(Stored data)

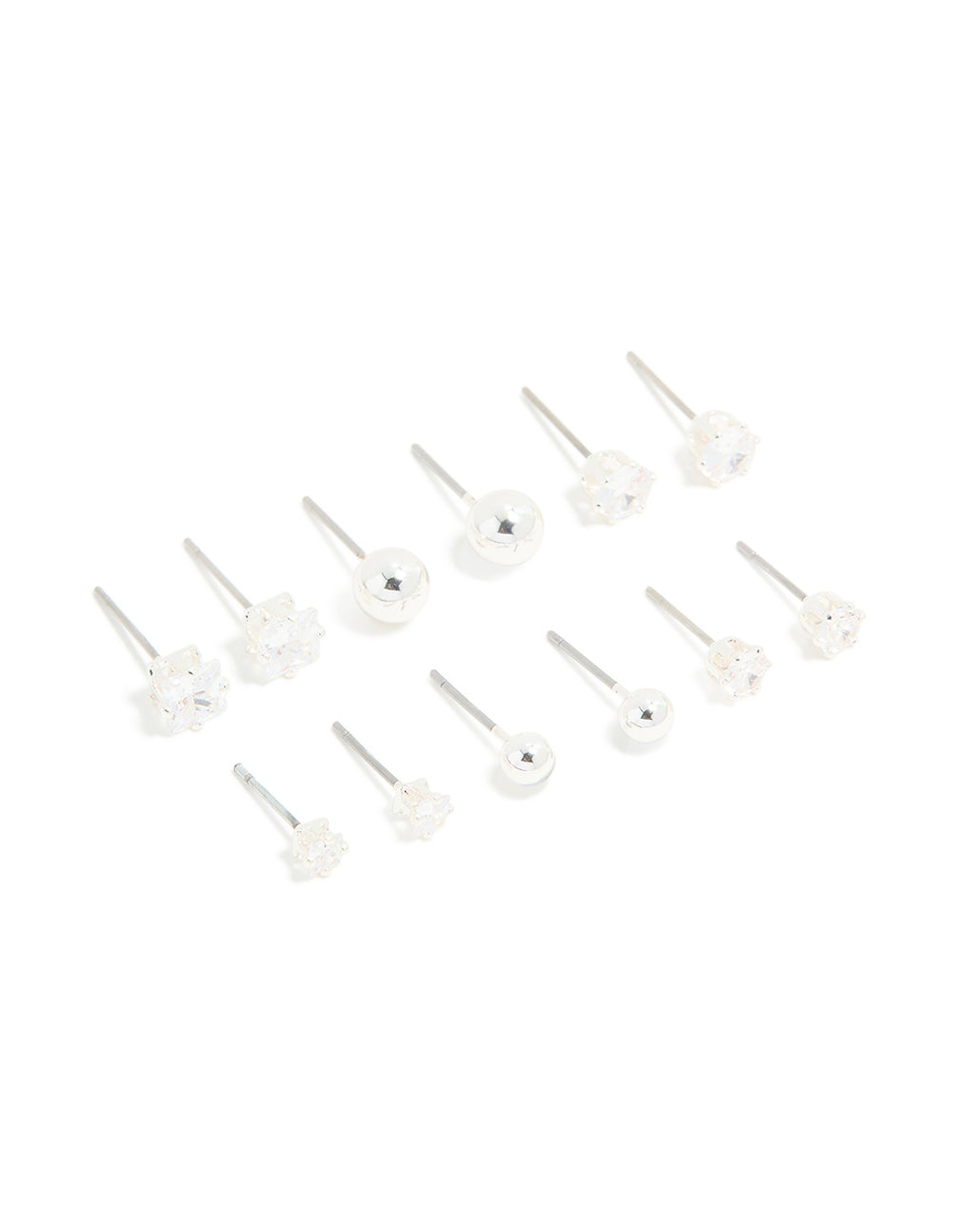 Silver Plated Cubic Zirconia & Ball Stud Earrings 6-Pack
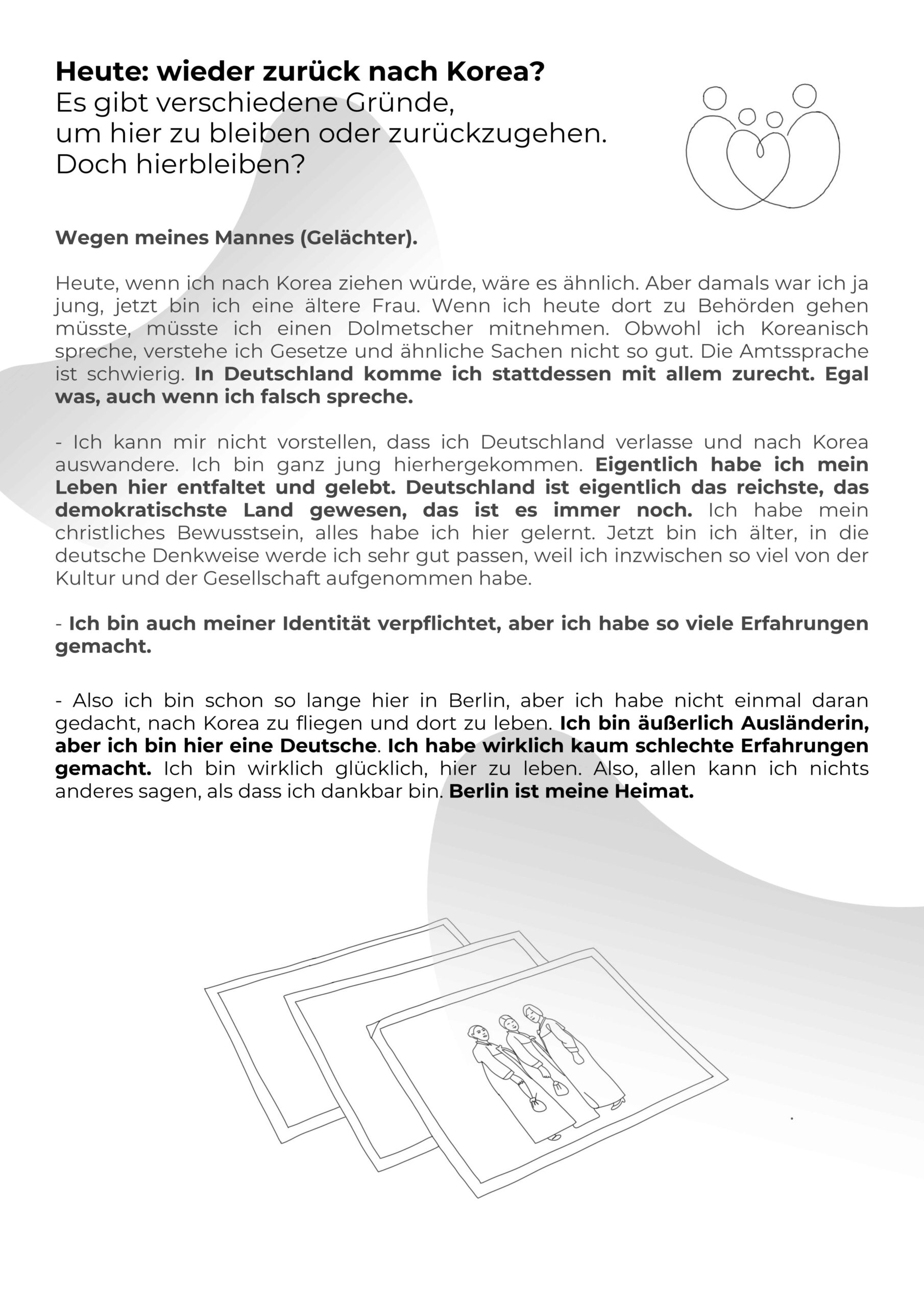 2025 haben vier Erzählcafés mit Mitgliedern des Vereins der (ehemaligen) koreanischen Krankenschwestern im interkulturellen Haus stattgefunden. Daraus ist eine kollektive Erzählung entstanden.
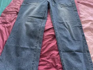 Flared bukser i størrelse S (EU 36). Mærket er Shein, og bukserne er lavet af 85% bomuld, 13 % polyester og 2% elastan. Flotte lyseblå jeans.
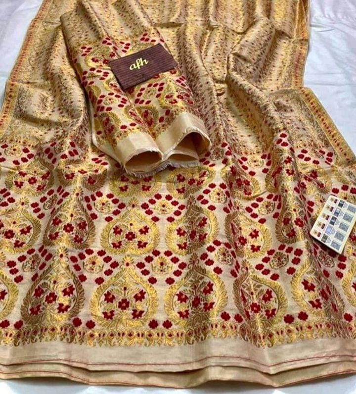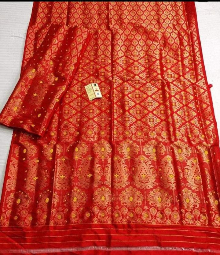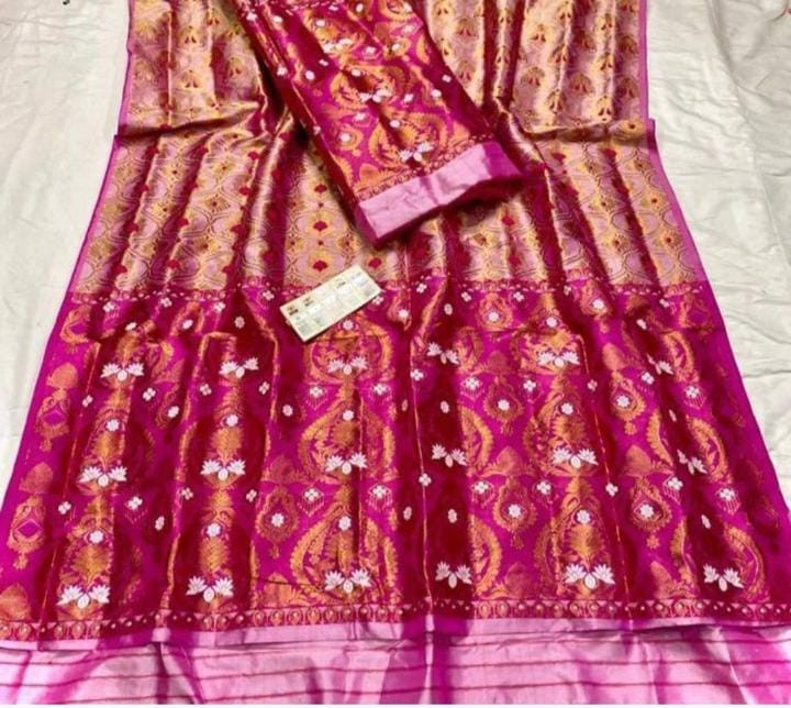 This item is NOT a Saree. It\"s an Assamese Traditional Wear called Mekhela Chador which comes in two separate pieces - 1) Mekhla : the bottom portion, draped from the waist downwards is called the mekhla. 2) Chadar : The top portion of the two-piece dress, called the Sador , is a long length of cloth that has one end tucked into the upper portion of the mekhela and the rest draped over and around the rest of the body. Please follow instructions to extend the life of the fabric. Hand wash separately in cold water for the first time. Do not use bleach, scrub or soak for too long. Actual product colour may slightly vary from the colour on your screen due to resolution.
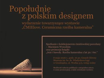 POPOŁUDNIE Z POLSKIM DESIGNEM - wydarzenie towarzyszące wystawie „ĆMIElove. Ceramiczna rzeźba kameralna”. Zapraszamy w piątek, 8 maja 2026, godz. 16.30, do Gmachu Głównego Muzeum, ul. Wodna 3/5, wstęp wolny
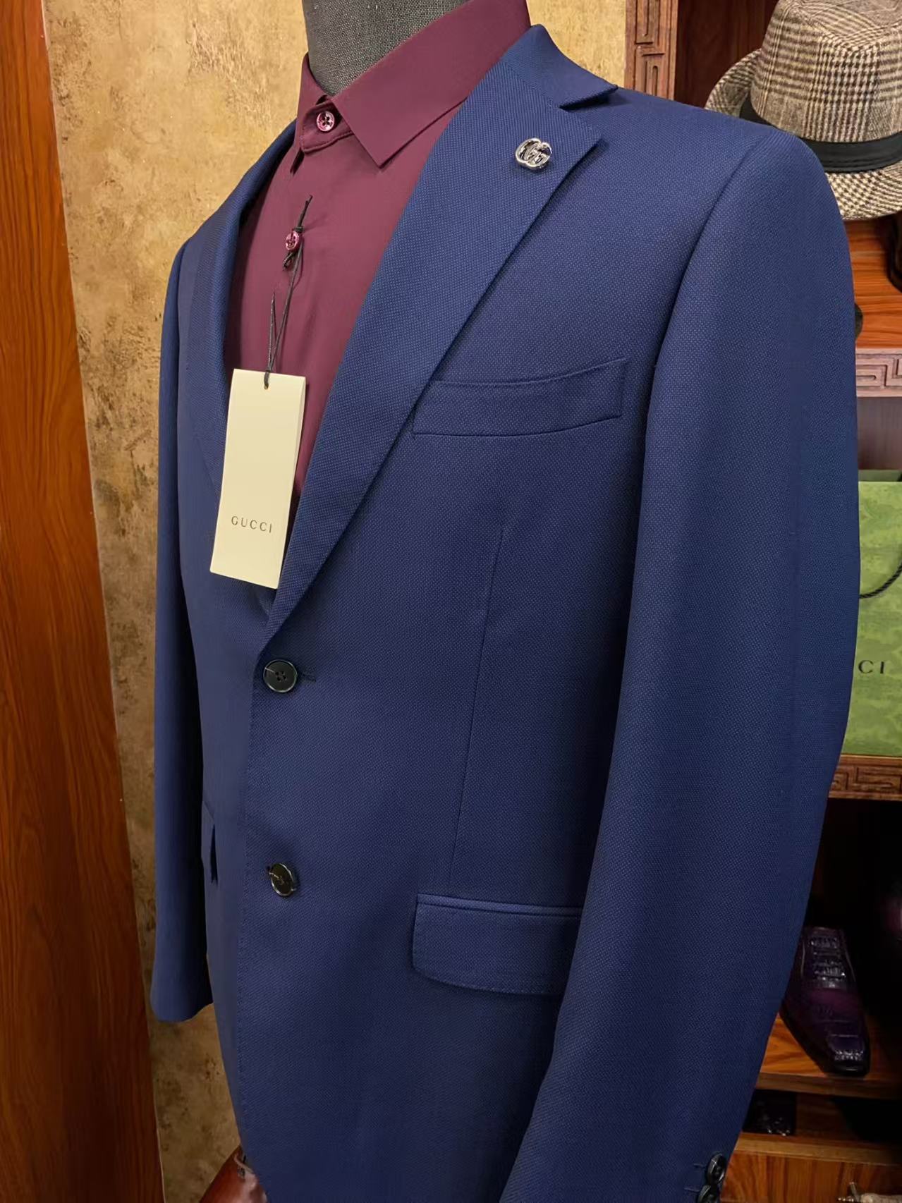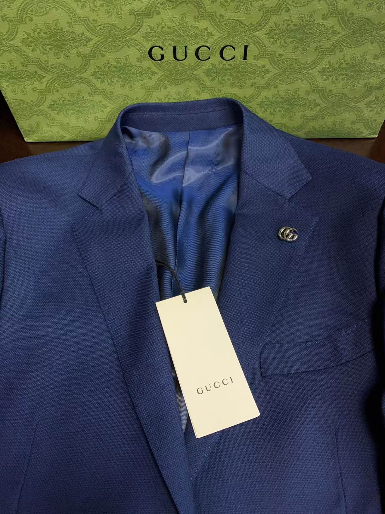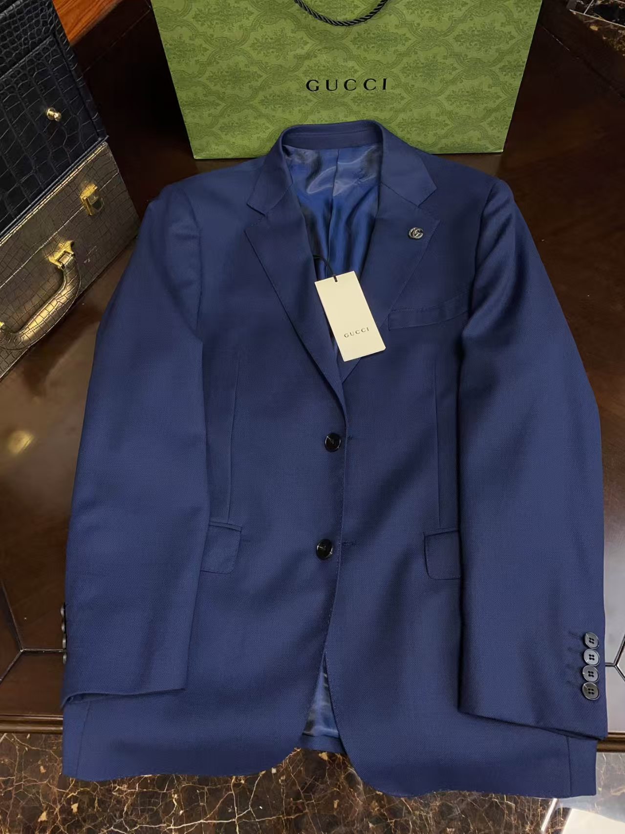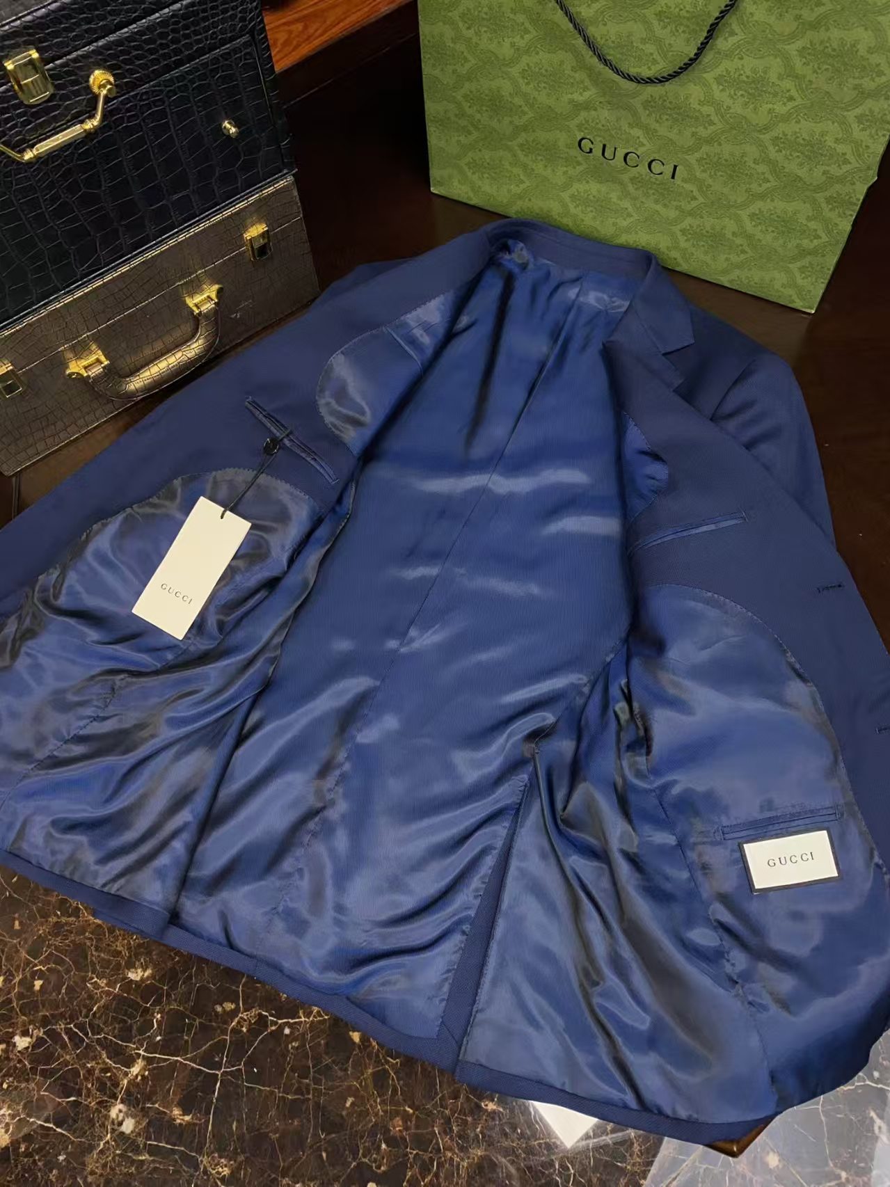 介绍:GuCCi 【两件套 西装+西裤】含50%羊毛 40%涤 10%竹纤维 都是狠料 !
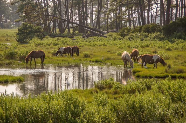 Keywords: nature public domain publicdomain landscape scenic serene horse horses pony ponies marsh water woods green free outdoor field grassland Chincoteague, VA, USA Chincoteague, VA, USA
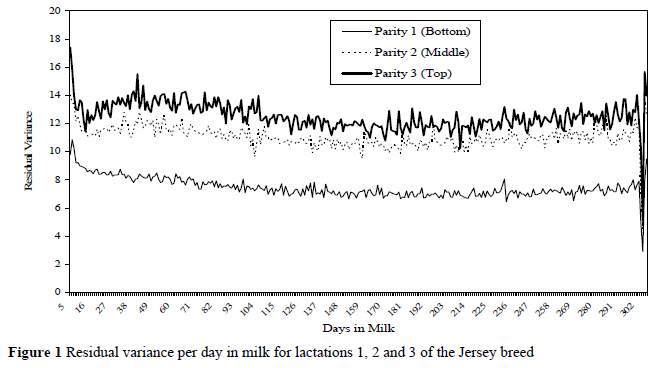 Figure 1 indicates residual variances across the lactation. It is clear that residual variances are higher in the beginning of all lactations compared to tests in the middle of the lactation, with erratic behaviour, due to only few tests available at the end of the lactations. Residual variances of first lactations are dramatically lower during all stages of the lactation compared to second and third lactations, while that of second and third lactations are more comparable. Third lactation test-day records show the highest variance throughout the lactation. Adjusting for heterogeneous variance due to days in milk and parity will therefore render an improvement on the March 2005 national genetic evaluation.
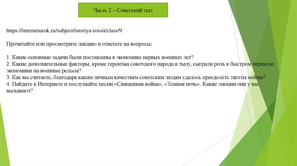 Часть 2 – Советский тылhttps://interneturok.ru/subject/istoriya-rossii/class/9
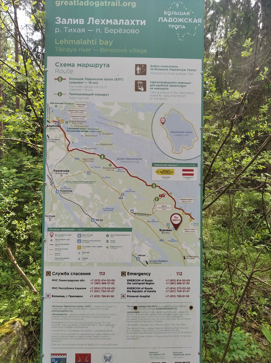 И здесь же стоит первый стенд-карта, рассказывающий о Большой Ладожской тропе, она же Лехмалахти.

**WORK TASK**
Could you please write out exactly the lines from the start of the entries above through the line that holds "This item is", both included, with no pictures?

**PROBLEM SOLUTION**
 Silver Plated Cubic Zirconia & Ball Stud Earrings 6-Pack
 2025 haben vier Erzählcafés mit Mitgliedern des Vereins der (ehemaligen) koreanischen Krankenschwestern im interkulturellen Haus stattgefunden. Daraus ist eine kollektive Erzählung entstanden.
 Flared bukser i størrelse S (EU 36). Mærket er Shein, og bukserne er lavet af 85% bomuld, 13 % polyester og 2% elastan. Flotte lyseblå jeans.
 This item is NOT a Saree. It\"s an Assamese Traditional Wear called Mekhela Chador which comes in two separate pieces - 1) Mekhla : the bottom portion, draped from the waist downwards is called the mekhla. 2) Chadar : The top portion of the two-piece dress, called the Sador , is a long length of cloth that has one end tucked into the upper portion of the mekhela and the rest draped over and around the rest of the body. Please follow instructions to extend the life of the fabric. Hand wash separately in cold water for the first time. Do not use bleach, scrub or soak for too long. Actual product colour may slightly vary from the colour on your screen due to resolution.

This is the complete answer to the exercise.